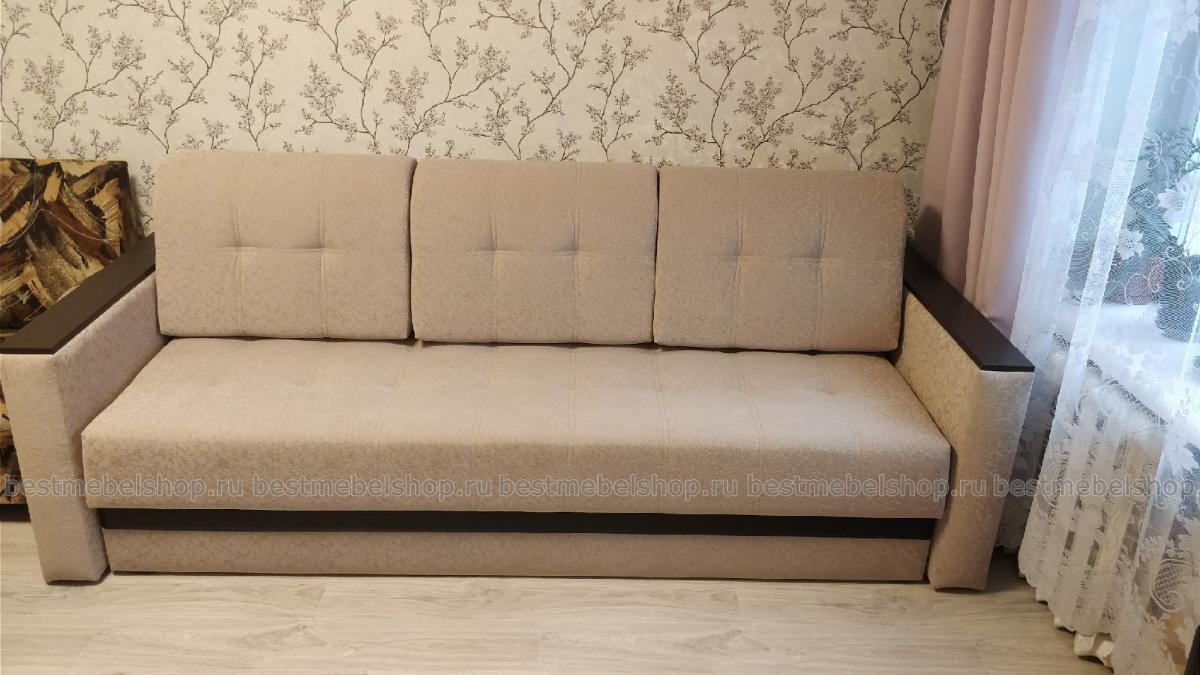 Диван очень удобный! Широкий! Переставляю подушки на бортик и нет необходимости раскрывать диван. Спальное место получается достаточным. Обивку поменяли специально для наших кошек на флок. Цвет замечательный. Привезли вовремя и собрали моментально. Всем довольны.
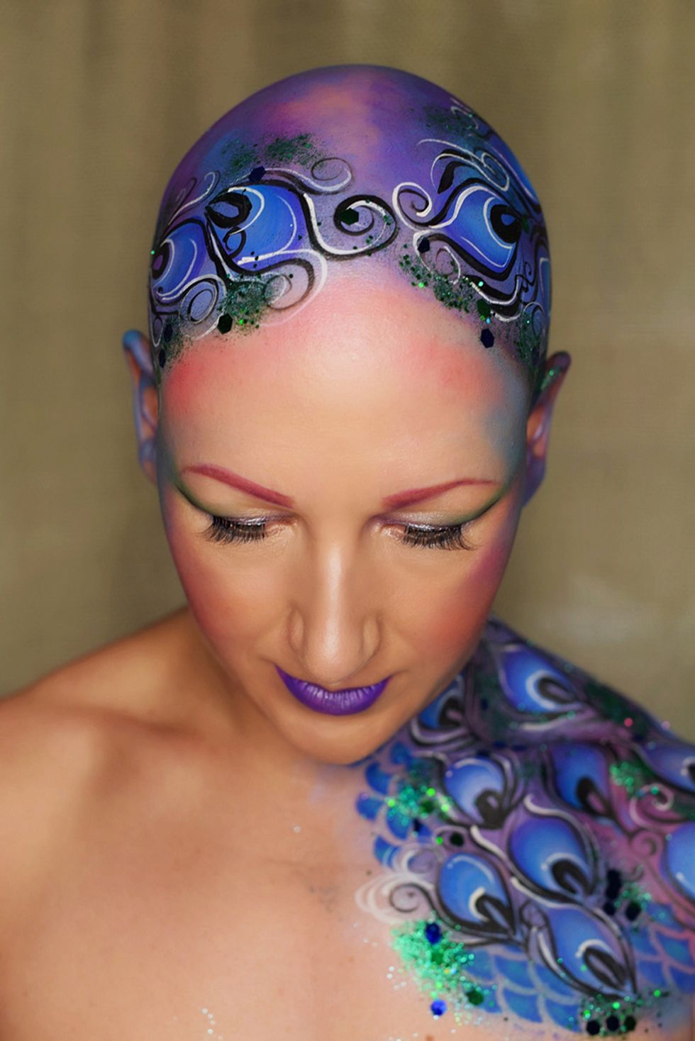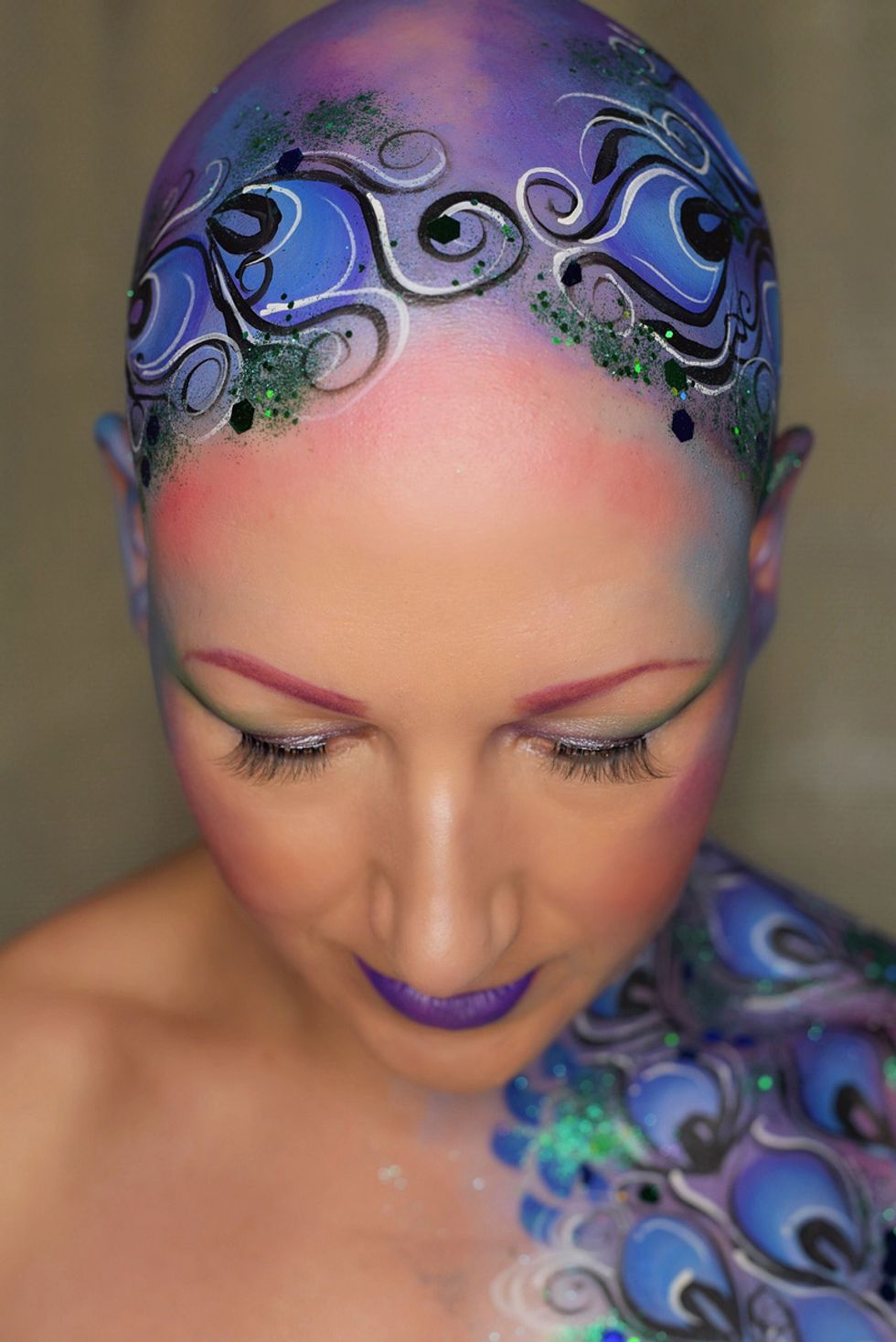 “I always saw my bald head as ugly. But finally, with the gorgeous body art, it is pretty and something I could feel happy and proud of.”
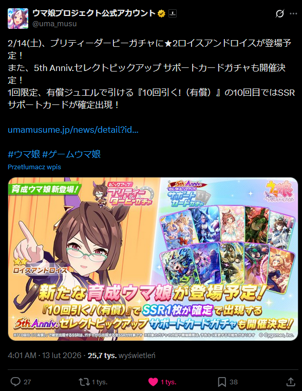 Previous: >>557207260>Global Game NewsLink your account to Cygames iDCurrent Scenario: Aoharu Hai aka "Unity Cup"Current Rate Up Trainee: Sakura Chiyono O (3*)Current Rate Up Support Cards: SSR Sasami Anshinzawa (Pal), SR Tamamo Cross (Guts), SSR Riko Kashimoto (Pal), SSR Tazuna Hayakawa (Pal)Current CM: Capricorn Cup - Chukyo Turf 1200mMain Story Chapter 5 is out01/27 - New Beginnings Part 102/11 - 02/19 - Sakura Chiyono O+Tazuna SSR+Riko SSR Rerun02/13 - 02/19 - Capricorn Cup - Chukyo Turf 1200mhttps://umamusume.com/news/100040/https://pages.snep.pw/uma/anni-skill-changes/>JP Game NewsCurrent Rate Up: Valentine Taiki Shuttle (3*), Valentine Sounds of Earth (3*), SSR Matikanefukukitaru, SSR Neo UniverseNew Scenario "Yukoma Hot Spring" releasedTimeline: https://uma.moe/timelineCygames Webstore: https://webstore.cygames.com/en/umamusume_en/>Thread Clubshttps://rentry.co/umaglobalclublistYou must be E3 (20k points) to join a circle. Apply with /uma/ or /vg/ in your profile or post ID in the thread.>All Guides & Resourceshttps://rentry.org/uma26Game databasehttps://gametora.com/umamusume (Click the gear to switch between JP / global server info)A basic guide for newfagshttps://rentry.org/umaglobalFind networks if your region is blocked from the game or clienthttps://www.umavpn.top/93Seiyuu & Concertshttps://rentry.org/umstUma Texthttps://umareader.idsmile.xyz/
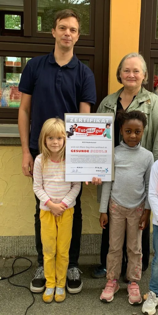 Zwei Highlights warteten auf dem Schulhof auf die Kinder: Nach der großen Pause bekam die KGS Niederkassel für Ihre konsequente Umsetzung der Tutmirgut-Bausteine erneut das Tutmirgut-Zertifikat verliehen. Frau Vajler-Schulze von der Diakonie an Rhein und Sieg überreichte dem stellvertretenden Schulleiter Florian Emrich die Auszeichnung. Somit ist die KGS Niederkassel auch in den kommenden 3 Jahren eine Tutmirgut-Schule. Zum Abschluss der kleinen Zeremonie tanzten alle Kinder gemeinsam mit ihren Lehrerinnen einen Bewegungstanz.

• [Problem to work on] The expected output is every line of the data, unchanged, with the pictures skipped.

• [Exercise answer]
 Диван очень удобный! Широкий! Переставляю подушки на бортик и нет необходимости раскрывать диван. Спальное место получается достаточным. Обивку поменяли специально для наших кошек на флок. Цвет замечательный. Привезли вовремя и собрали моментально. Всем довольны.
 “I always saw my bald head as ugly. But finally, with the gorgeous body art, it is pretty and something I could feel happy and proud of.”
 Previous: >>557207260>Global Game NewsLink your account to Cygames iDCurrent Scenario: Aoharu Hai aka "Unity Cup"Current Rate Up Trainee: Sakura Chiyono O (3*)Current Rate Up Support Cards: SSR Sasami Anshinzawa (Pal), SR Tamamo Cross (Guts), SSR Riko Kashimoto (Pal), SSR Tazuna Hayakawa (Pal)Current CM: Capricorn Cup - Chukyo Turf 1200mMain Story Chapter 5 is out01/27 - New Beginnings Part 102/11 - 02/19 - Sakura Chiyono O+Tazuna SSR+Riko SSR Rerun02/13 - 02/19 - Capricorn Cup - Chukyo Turf 1200mhttps://umamusume.com/news/100040/https://pages.snep.pw/uma/anni-skill-changes/>JP Game NewsCurrent Rate Up: Valentine Taiki Shuttle (3*), Valentine Sounds of Earth (3*), SSR Matikanefukukitaru, SSR Neo UniverseNew Scenario "Yukoma Hot Spring" releasedTimeline: https://uma.moe/timelineCygames Webstore: https://webstore.cygames.com/en/umamusume_en/>Thread Clubshttps://rentry.co/umaglobalclublistYou must be E3 (20k points) to join a circle. Apply with /uma/ or /vg/ in your profile or post ID in the thread.>All Guides & Resourceshttps://rentry.org/uma26Game databasehttps://gametora.com/umamusume (Click the gear to switch between JP / global server info)A basic guide for newfagshttps://rentry.org/umaglobalFind networks if your region is blocked from the game or clienthttps://www.umavpn.top/93Seiyuu & Concertshttps://rentry.org/umstUma Texthttps://umareader.idsmile.xyz/
 Zwei Highlights warteten auf dem Schulhof auf die Kinder: Nach der großen Pause bekam die KGS Niederkassel für Ihre konsequente Umsetzung der Tutmirgut-Bausteine erneut das Tutmirgut-Zertifikat verliehen. Frau Vajler-Schulze von der Diakonie an Rhein und Sieg überreichte dem stellvertretenden Schulleiter Florian Emrich die Auszeichnung. Somit ist die KGS Niederkassel auch in den kommenden 3 Jahren eine Tutmirgut-Schule. Zum Abschluss der kleinen Zeremonie tanzten alle Kinder gemeinsam mit ihren Lehrerinnen einen Bewegungstanz.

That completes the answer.